Sitting in a restaurant booth with my granddaughter, waiting for her pasta. She's three years old. As she kneels on the seat, she turns to me and strokes my face with her delicate fingers. Tracing a line from my hairline to my chin, she hesitates and rubs her finger gently around my eye. Now she studies my face.
"Grandma, why is your face cracked?"
I smile because I have noticed those pesky crow's feet around my eyes have been growing from a size 5 to a 7 lately. Should I tell her the truth? This has been a helluva year. I have shed tears every day, sometimes a torrent, but usually just a trickle which involuntarily starts before I'm aware of its descent down my cheek or the side of my nose. Grief has a way of sneaking up on you after a while. The initial onslaught dissipates and the remaining emotions are an odd mix of sadness, reminisces and emptiness.  It takes its sorry toll on the mind and body as it meanders through your very being.
Should I tell her how your heart cracks, too? Those cracks don't really heal completely. In a way they open the heart a little more. What you choose to fill it with is optional. At first it's too painful to touch. You have to leave it for a while to harden just a bit.
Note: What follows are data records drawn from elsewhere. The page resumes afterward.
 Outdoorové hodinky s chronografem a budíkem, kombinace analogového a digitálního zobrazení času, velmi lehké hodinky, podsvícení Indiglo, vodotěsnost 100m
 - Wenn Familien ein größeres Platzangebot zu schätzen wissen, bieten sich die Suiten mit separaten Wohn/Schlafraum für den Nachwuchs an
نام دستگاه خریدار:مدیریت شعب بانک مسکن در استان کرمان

If you leave it too long it can become hard and brittle. Then you run the risk of a shattered heart, which can be repaired, but usually has a missing piece or two.
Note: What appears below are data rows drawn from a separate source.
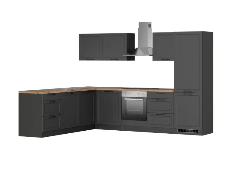 Die Küchenzeile wird Ihnen zerlegt und ohne Dekoration bis Bordsteinkante geliefert. Die Anordnung der Küchenelemente und die Anschläge der Türen sind somit für Sie frei wählbar. Die Arbeitsplatte wird ohne Ausschnitte geliefert. Technische Änderungen und Irrtümer vorbehalten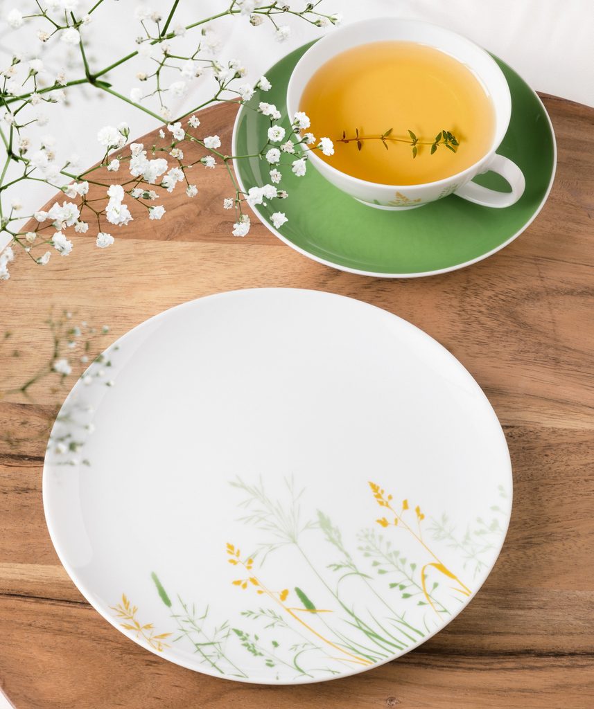 nádherný jednoduchý travní dekor na kvalitním německém moderním porcelánu Liberty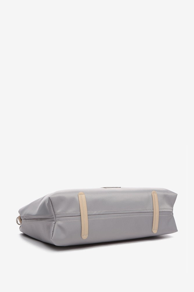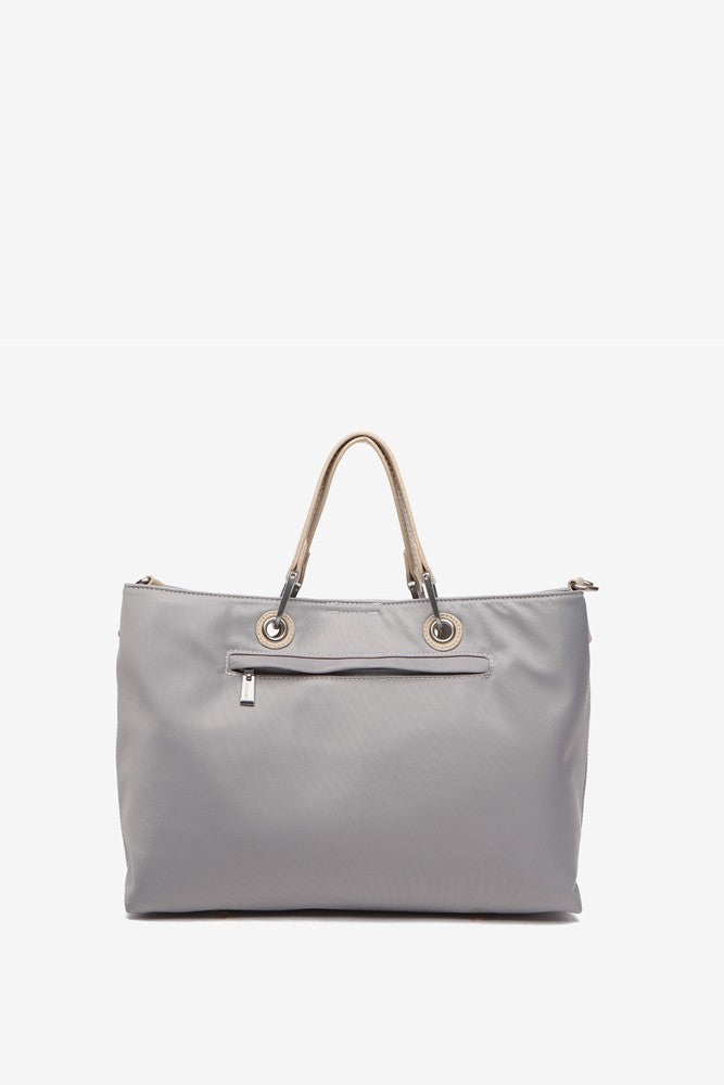 Women's shopper bag crafted with recycled materials and featuring a subtle satin finish inherent to its fabric. A casual-style model ideal for daily use, offering ample interior capacity, perfect for office days. Its main features include:

Should I tell her how your soul cracks? A part of it seems to have flown away into the mysterious place it originated, but it left a gap, an emptiness that echoes, mostly at night.
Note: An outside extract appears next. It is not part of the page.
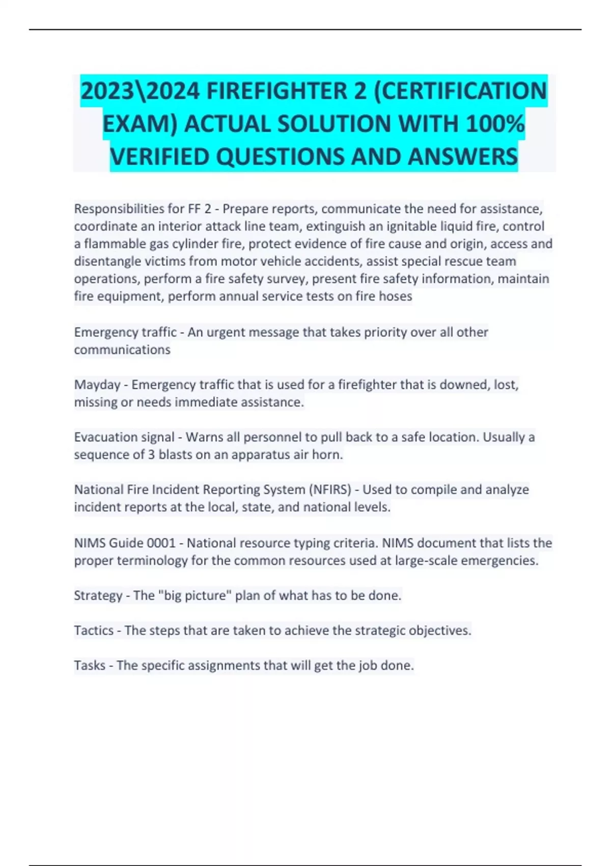 FIREFIGHTER 2 (CERTIFICATION EXAM) ACTUAL SOLUTION WITH 100% VERIFIED QUESTIONS AND ANSWERS

Should I tell her how your mind cracks? Yeah, the expression "cracking up" hits home. Many things that made perfect sense before lose their meaning. Your priorities start shifting. Things seem less important. Your train of thought becomes The Disoriented Express.
She's three years old. She has plenty of time to find these things out for herself. I hope I'll be there for her when that time comes. She has no idea how much she has been there for me. So, what do I tell her?
"Well, when you live for a long time you get to love a lot of people and a lot of people love you. The more people you love, the more you fill yourself up with that love and after a while there's just so much love it starts to shine out of little cracks in your face. They don't hurt at all, in fact they feel good because they remind you of all the love you've given and  received since you were a baby."
"Grandma, you're silly. I love your hair."
"I love your hair, too, Natalie."

1 comment:

kathy said...

Oh, Vickie! I can say no more! This is a beautiful piece...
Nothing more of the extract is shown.